The final step is to solve the optimisation problem. I was expecting this to take 10’s of minutes, perhaps hours, as the number of possible allocation matrices is very large. However this computes in something ridiculous like 0.1 second.

[solution, fval, exitflag, output] = solve(problem);

So we can check that a solution was actually found by looking at the *exitflag*. This is very important. It is entirely possible to define a set of constraints such that there is actually no solution. But assuming this as all worked, then we have our optimal binary allocation matrix in the variable *solution.allocation*.

## Evaluating the approach

Before jumping in to using this for the 2018-19 module allocations, it is important to check whether this actually works. To do this I constructed an overall score for each student. This is the sum of the ranks of the modules allocated to, and you want this to be as low as possible, representing allocation to higher ranked modules. The lowest score is either 3 (ie 1+2) for students taking 2 modules, or 6 (ie 1+2+3) for the majority of students taking 3 modules. I then plotted the histogram of these scores over all the students for the actual set of allocations I made in 2017-18, and the hypothetical allocations if the new procedure were used.

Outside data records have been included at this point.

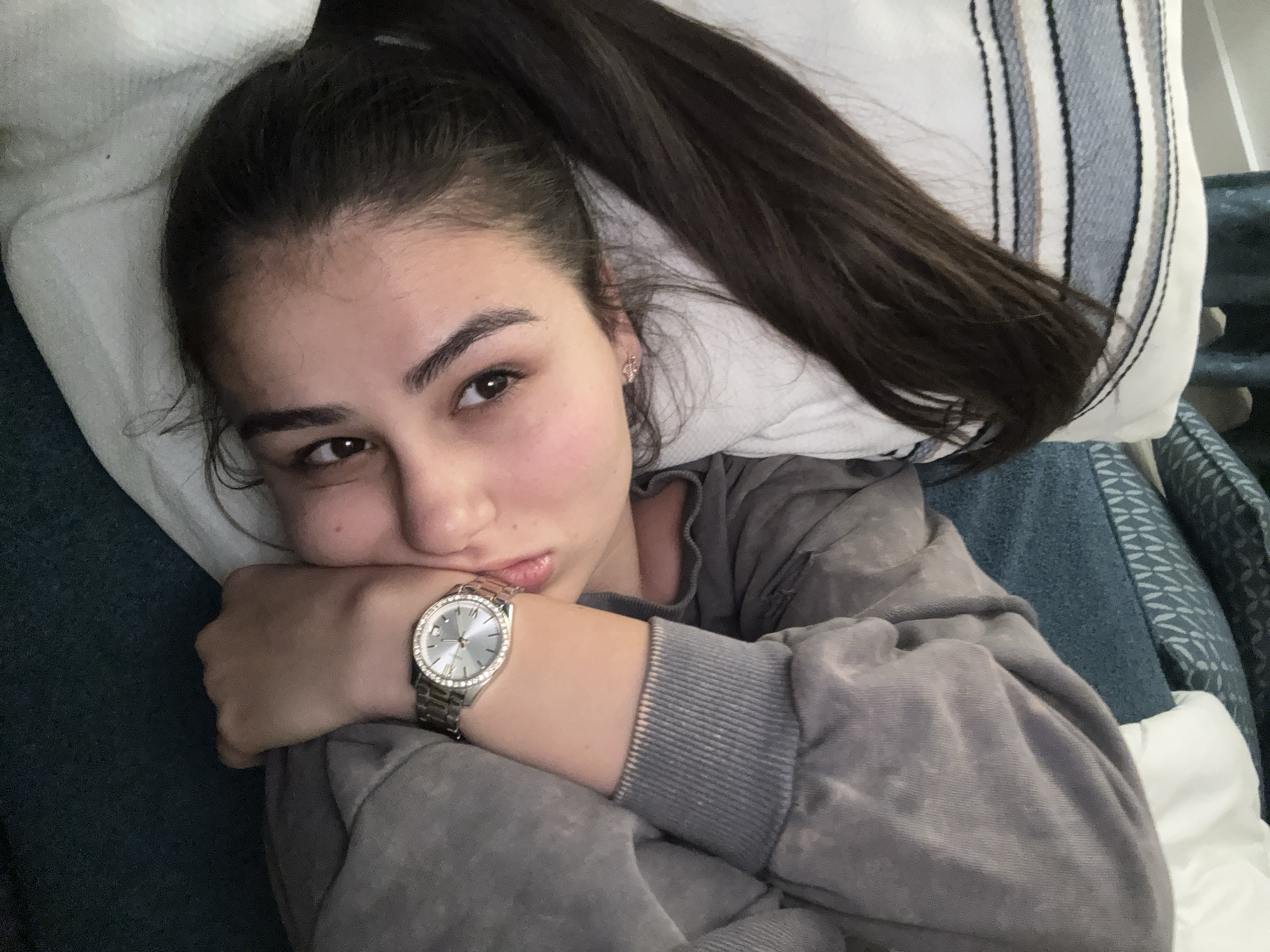 A young woman with dark hair pulled back in a high ponytail is lying down. She is resting on a white pillow, with a striped pillow behind her. She is wearing a gray sweatshirt and a silver wristwatch. Her left arm is bent, with her hand near her face. The location is likely indoors. There is no discernible evidence in the image to confirm the location is in Harmanli, Bulgaria.
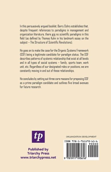 Barry Oshry shows that, despite many references to paradigms in the literature, there are no scientific paradigms (as defined by Thomas Kuhn) in management/organization theory and development. He then makes the case for the Organic System Framework as a legitimate candidate for paradigm status - from which further research naturally follows.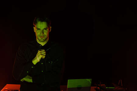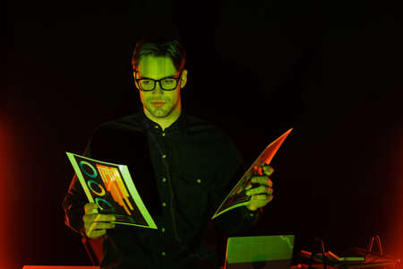 Programmer holding papers with graphs near laptop on black background with lighting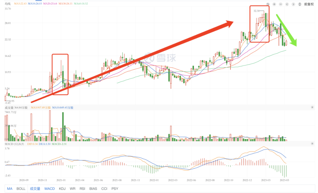 2023年5月1日,又是瑞幸的财报日,2023年Q1的数据也非常给力:2023年Q1,瑞幸营收44.4亿、同比增长84.5%;净利润5.65亿、同比增长2848%。但是,在如此靓丽的业绩公布后,瑞幸大跌超过38%,截至5月19日,瑞幸探至近期最低点20.05美元。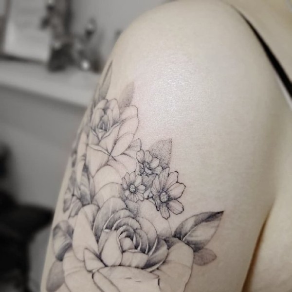 大臂素花纹身 9款女士的大臂黑灰花朵植物纹身图案
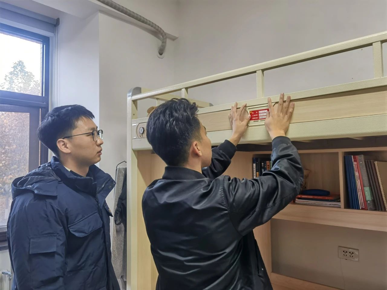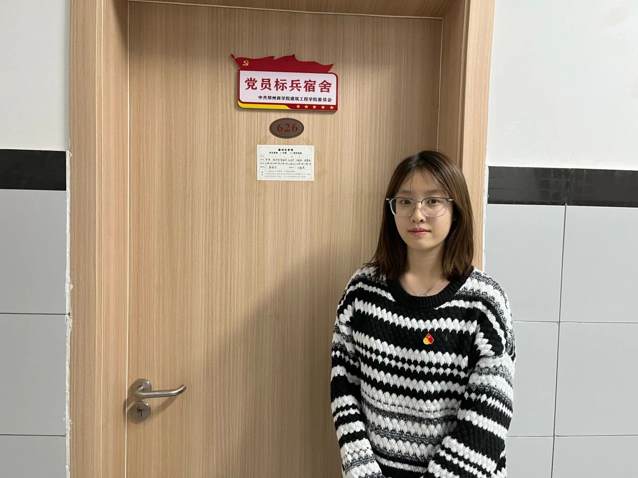 为深入贯彻落实党的二十大精神,切实发挥党建领航和学生党员先锋模范作用,近日,建工学院党委集中组织学生党支部开展“一名党员,一面旗帜”党员标兵宿舍挂牌活动。建工学院党委书记朱宏东、组织委员康雅丹及各支部书记带领志愿者分别前往8号楼、25号楼、33号楼等宿舍楼对党员标兵宿舍进行挂牌。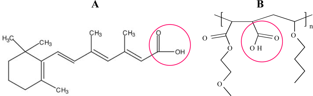 Carboxylic acid moieties confer amphiphilic behaviour to RA (A) and water solubility to VAM41 (B).

The end result is really very encouraging. We can see that the actual allocations* involved a very broad range of scores, thus levels of happiness. The new procedure however entirely takes out the bottom half of this distribution, meaning that a vast number of students will be much happier with their module allocations under this new procedure. The distribution under the new method also has much less variance, meaning much less inequality in allocations and thus happiness.

## Summary

So in short, we will be moving away from a heuristic method of allocating students to elective modules. Instead, we can treat this task as optimisation under constraints. As such, we can leverage powerful algorithms to produce an optimal set of module allocations. Let’s say that again… using this approach allows us to produce the *best possible set of allocations, under the constraints we are working with*. This is pretty satisfying, both on an intellectual level, but also because this will have a real impact on student satisfaction. If there is an effect of module desirability on grades, then we may well expect to see a positive shift in our grade distribution for 2018-19 onwards.

* actual allocations should be taken with a pinch of salt, as this was the data before some manual reallocation of students with a poor set of allocations.